[[ STUDY MATERIAL, beginning ]]

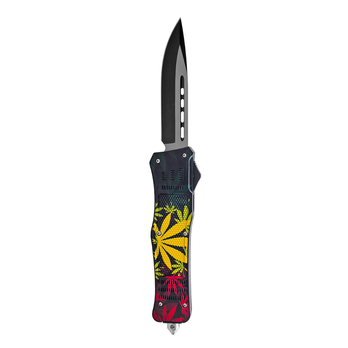 5.75" Tactical Out the Front Automatic Folding Pocket Knife - Mary Jane Pot Leaf
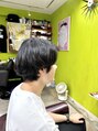 2ブロックで刈り上げた爽やかなショートスタイル。カリアゲは6ミリ~2ミリでグラデーションをつけて。トップはサイドに分け目を持ってきて大人っぽい雰囲気を出しています。カット前と比べると長さ・ボリューム共に抑えられスッキリして小顔効果も◎です。
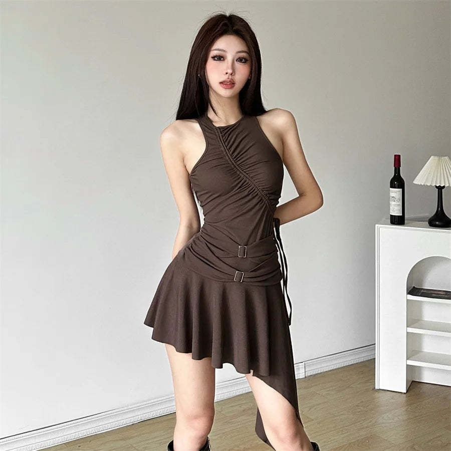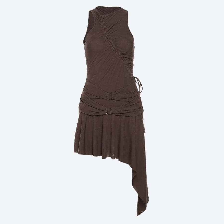 Bring futuristic edge to your wardrobe with this ruched asymmetric mini dress. The structured halter neckline meets bold side buckles and a high-low hem for a sculpted. street-cool silhouette. Stretch fabric hugs your shape. while the details give it a cyber-inspired punch—ideal for parties. streetwear looks. or creative nights out.
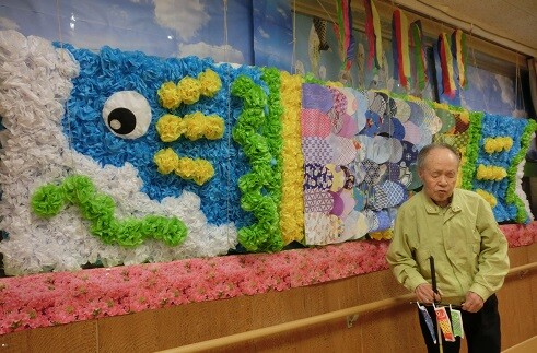 今回は、デイサービスのホール内に現れた『巨大鯉のぼり』のお話です🎶
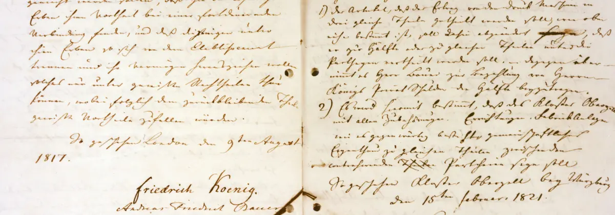 Friedrich Koenig and Andreas Bauer establish Schnellpressenfabrik Koenig & Bauer in a secularised monastery in Oberzell near Würzburg, with the official founding contract being signed on the 9th of August 1817. Over the following decades and centuries, the company achieves considerable success with its high product quality and countless innovations. The entry into webfed press manufacture later lays the foundations for today’s Koenig & Bauer Digital & Webfed.

[[ STUDY MATERIAL, end ]]

TO DO: The entries above are to be printed again word for word, with every picture removed.

SOLUTION BELOW:
 5.75" Tactical Out the Front Automatic Folding Pocket Knife - Mary Jane Pot Leaf
 2ブロックで刈り上げた爽やかなショートスタイル。カリアゲは6ミリ~2ミリでグラデーションをつけて。トップはサイドに分け目を持ってきて大人っぽい雰囲気を出しています。カット前と比べると長さ・ボリューム共に抑えられスッキリして小顔効果も◎です。
 Bring futuristic edge to your wardrobe with this ruched asymmetric mini dress. The structured halter neckline meets bold side buckles and a high-low hem for a sculpted. street-cool silhouette. Stretch fabric hugs your shape. while the details give it a cyber-inspired punch—ideal for parties. streetwear looks. or creative nights out.
 今回は、デイサービスのホール内に現れた『巨大鯉のぼり』のお話です🎶
 Friedrich Koenig and Andreas Bauer establish Schnellpressenfabrik Koenig & Bauer in a secularised monastery in Oberzell near Würzburg, with the official founding contract being signed on the 9th of August 1817. Over the following decades and centuries, the company achieves considerable success with its high product quality and countless innovations. The entry into webfed press manufacture later lays the foundations for today’s Koenig & Bauer Digital & Webfed.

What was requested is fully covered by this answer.